Good to hear:The BBC Trust has asked to meet open source advocates to discuss their complaints over the corporation's Windows-only on demand broadband TV service, iPlayer.
The development came less than 48 hours after a meeting between the Open Source Consortium (OSC) and regulators at Ofcom on Tuesday. Officials agreed to press the trust, the BBC's governing body, to meet the OSC. The consortium received an invitation on Wednesday afternoon.
Since they had to be shoved into doing this by Ofcom, I somehow can't see the BBC actually doing anything as a result. But I'm willing to be proved wrong.
2 comments:
I thought it was OFCOM that forced them to use time locked DRM in the first place, to make it "fair" for other broadcasters.

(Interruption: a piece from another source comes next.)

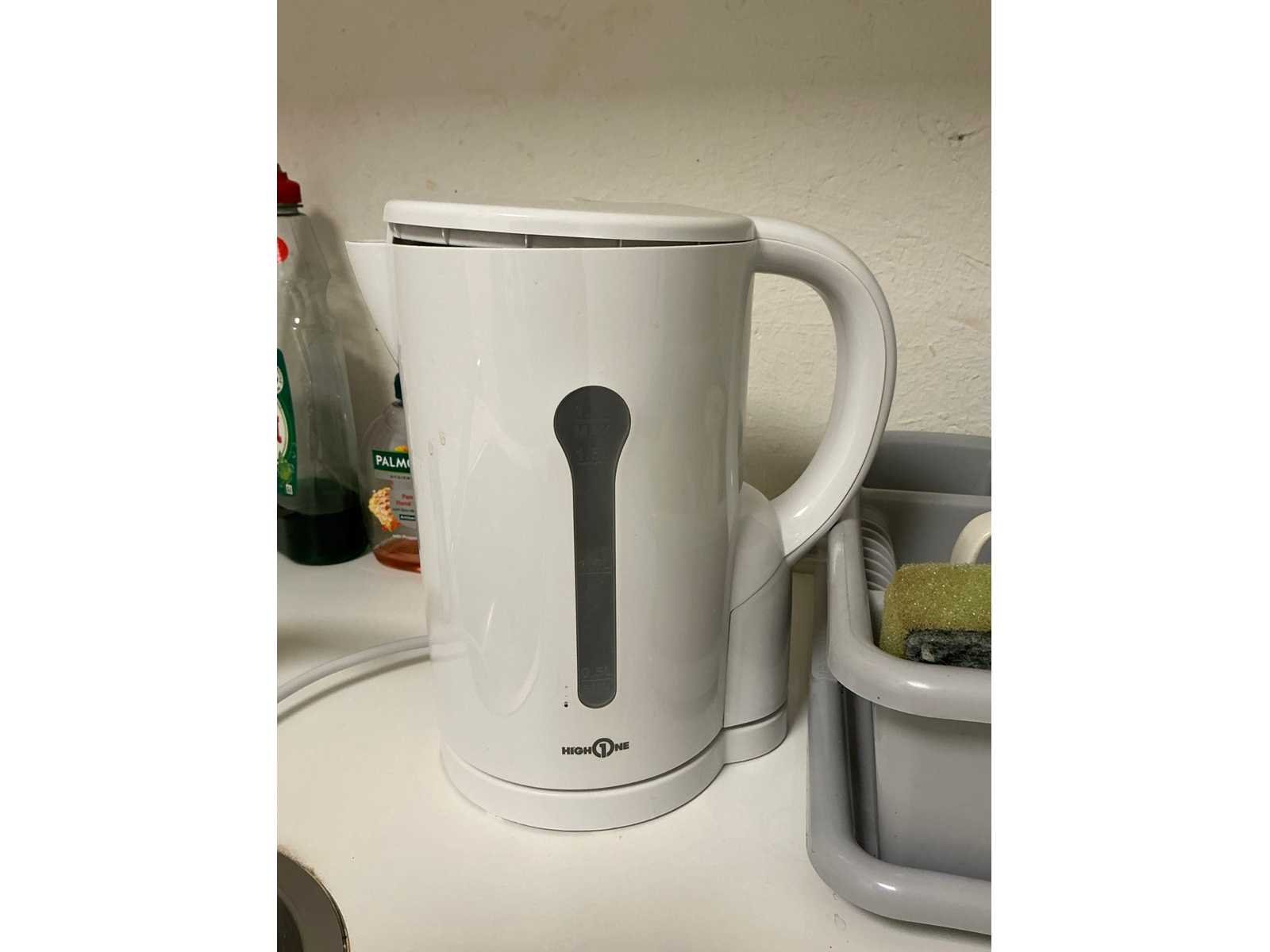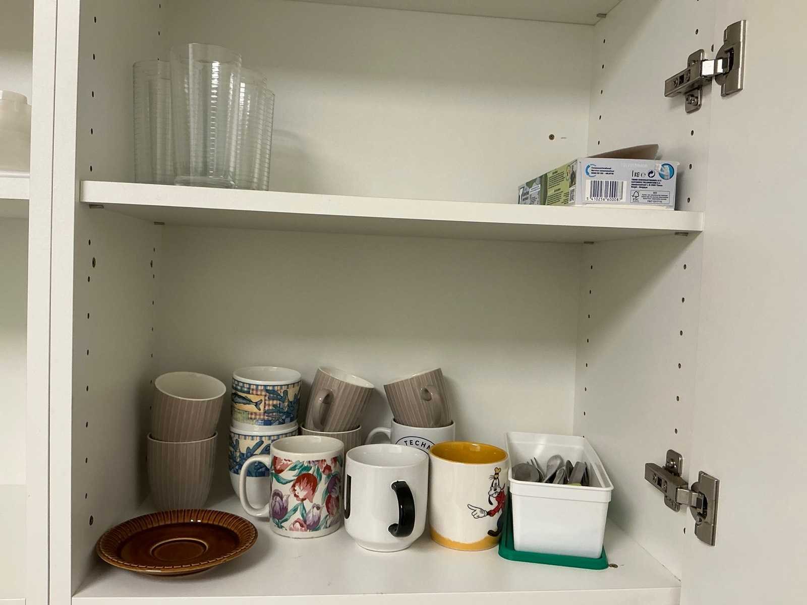 Volledige inhoud van keuken waaronder bestaande uit: 1 koffie–/espresso apparaat DELONGHI Magnifica S, 1 koffiezetapparaat KRUPS Dolce Gusto, 1 Airfryer DOMO, 1 RVS magnetron MENUMASTER COMMERCIAL, 1 houten bijzettafel voorzien van metalen onderstel 70 x 60cm, Compleet met kleine partij, diverse mokken een waterkoker en enige diverse onderhoudsproducten, Uitegezonderd genummerde kavels en eigendomsvoorbehoud, Afgifte volgens aanwijzing Nee

I don't think it's Ofcom that's the problem, but the new BBC Trust, which oversees the BBC these days. They are extremely cautious, and seem to have bought the story from the music industry that iPlayer needs to be seriously nobbled - which is why there are no classical music downloads, or spoken words.
But the business of Windows only seems to be different. As far as I can tell, it's partly a matter of laziness - the BBC just opted for the default Microsoft solution rather than create its own DRM.
But more than that it's pusillanimity: the BBC could easily write into its contracts with producers that it has the right to distribute episodes over the Net without DRM. It's simply shirked its duty as a public broadcaster in this. It should be fighting for us, the licence-payers, not for the lazy media world that refuses to come to terms with online distribution.